教科担当の南雲先生(ほら、あの観察眼が鋭い人!)は、佐山先生と同年代くらい。隣の1-Aの担任の先生でもある。そして、生徒指導も担当していて、私は早速目をつけられているところがある。
数学は、一番点数が悪かった教科。そして、一番嫌いな教科。
気が重い要素しかないけど、教室に移動するぞ~……。
数学室がある棟に向かいながら思う。
改めて見ても、なんて広いんだこの学園は。
普段は、ほとんど寮と中学校舎の往復だから、半分くらいの場所はまだ行ったことがない。

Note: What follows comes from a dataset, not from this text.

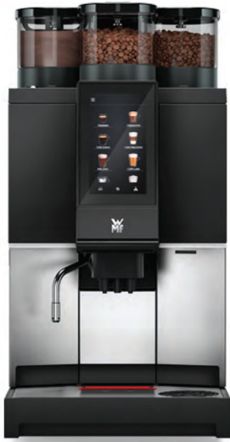
WMF 1300 S

この辺は、確かもうちょっと行くと、高校の校舎があったかな。花壇の花がちょうど咲いていて、景色が良い感じ。
ここは……、そうだ、講堂だ。文化祭のときには、主に高校の吹奏楽部や演劇部が、パフォーマンスするらしい。気になるなぁ。
そっか。文化祭のときはきっと、学園中のいろいろなところを回ることになるよね! いつもは入れないような場所に入れたりもするのかも!
あー! やっぱり交響祭、めっちゃ楽しみ!
それにしても、あんまり人がいないな。歩いているのは私と、私の少し前を歩くあの人くらい。
って、あの人今何か落としたよ!?
小走りで行って、落としたものを拾い上げた。メモ帳、かな? とにかく、返してあげないと!
落とし物なんて悲しすぎるっていう、経験者の意見。
でも、あの人もうだいぶ向こうの方にいる。歩くの速いなぁ。
見失わないうちに、後を追おう!
追いかけたら、学園の外に出ちゃった。補習まではまだちょっと時間あるし、渡した後にすぐに戻れば全然間に合うから、良いんだけどね。
そういえばあの人、制服じゃないな。外出するつもりだったのか、はたまたお客さんだったのか。生徒だとしたら、きっと上級生だろうな。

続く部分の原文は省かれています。